» **Activity**: Would you return exactly the lines from the top of the data below through the one containing "Na próxima terça-feira", leaving out the pictures?

» **Data**:
--- --- ---

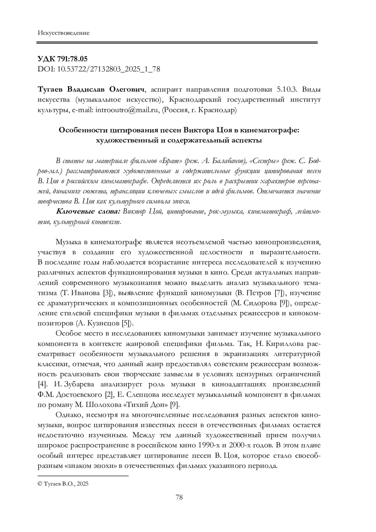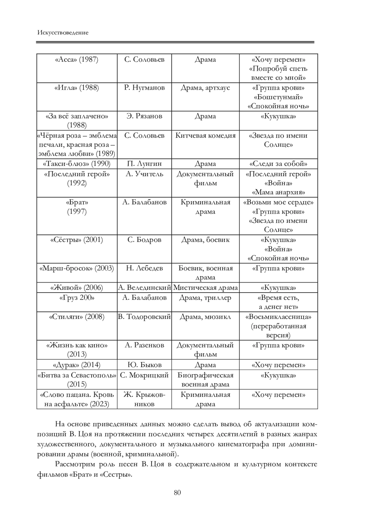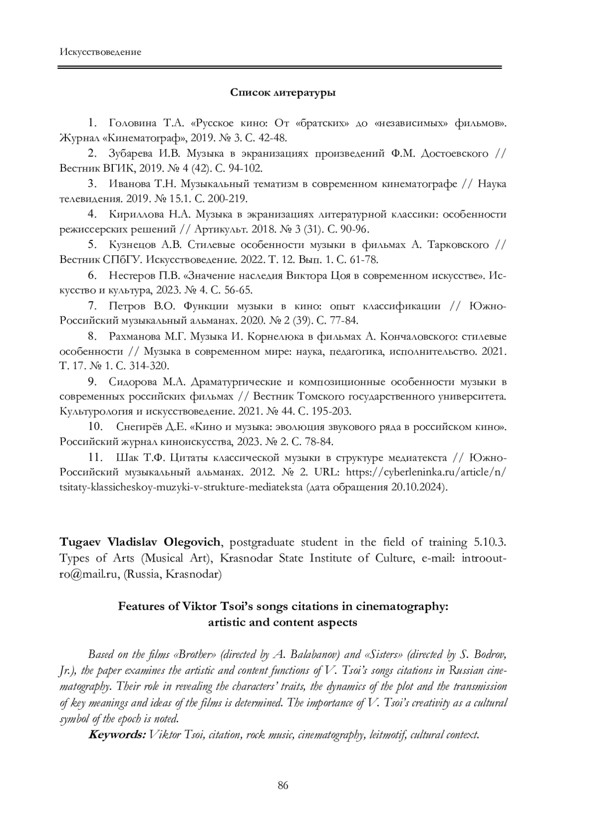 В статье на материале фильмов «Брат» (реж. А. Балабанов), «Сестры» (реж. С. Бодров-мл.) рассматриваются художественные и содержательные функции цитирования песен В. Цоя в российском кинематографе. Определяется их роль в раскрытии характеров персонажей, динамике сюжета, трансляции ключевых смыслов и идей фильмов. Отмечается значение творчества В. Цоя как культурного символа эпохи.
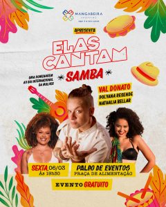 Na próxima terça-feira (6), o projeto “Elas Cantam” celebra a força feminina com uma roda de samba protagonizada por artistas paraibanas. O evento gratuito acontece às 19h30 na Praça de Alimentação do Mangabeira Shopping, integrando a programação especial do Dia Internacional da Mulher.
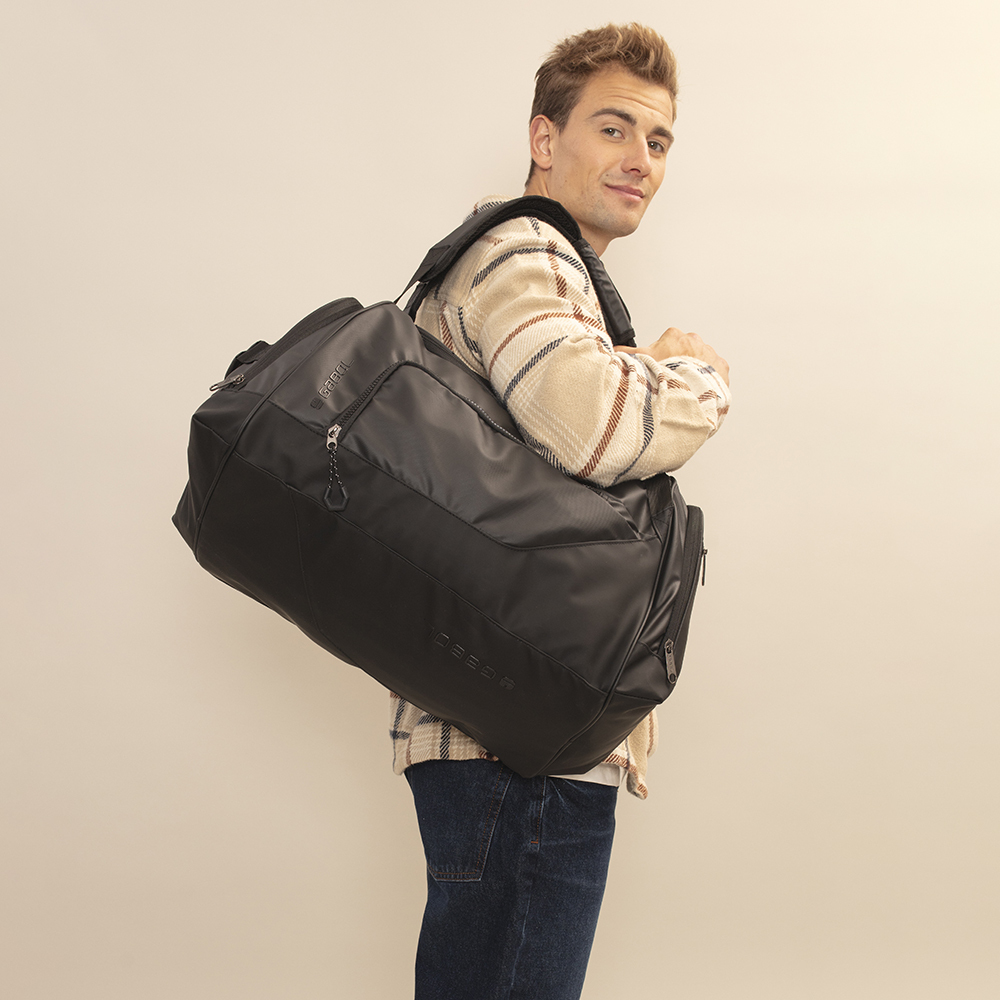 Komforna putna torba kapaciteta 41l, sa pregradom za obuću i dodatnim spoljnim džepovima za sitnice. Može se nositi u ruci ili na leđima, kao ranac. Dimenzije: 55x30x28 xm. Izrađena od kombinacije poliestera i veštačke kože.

--- --- ---

» **Written answer**:
 В статье на материале фильмов «Брат» (реж. А. Балабанов), «Сестры» (реж. С. Бодров-мл.) рассматриваются художественные и содержательные функции цитирования песен В. Цоя в российском кинематографе. Определяется их роль в раскрытии характеров персонажей, динамике сюжета, трансляции ключевых смыслов и идей фильмов. Отмечается значение творчества В. Цоя как культурного символа эпохи.
 Na próxima terça-feira (6), o projeto “Elas Cantam” celebra a força feminina com uma roda de samba protagonizada por artistas paraibanas. O evento gratuito acontece às 19h30 na Praça de Alimentação do Mangabeira Shopping, integrando a programação especial do Dia Internacional da Mulher.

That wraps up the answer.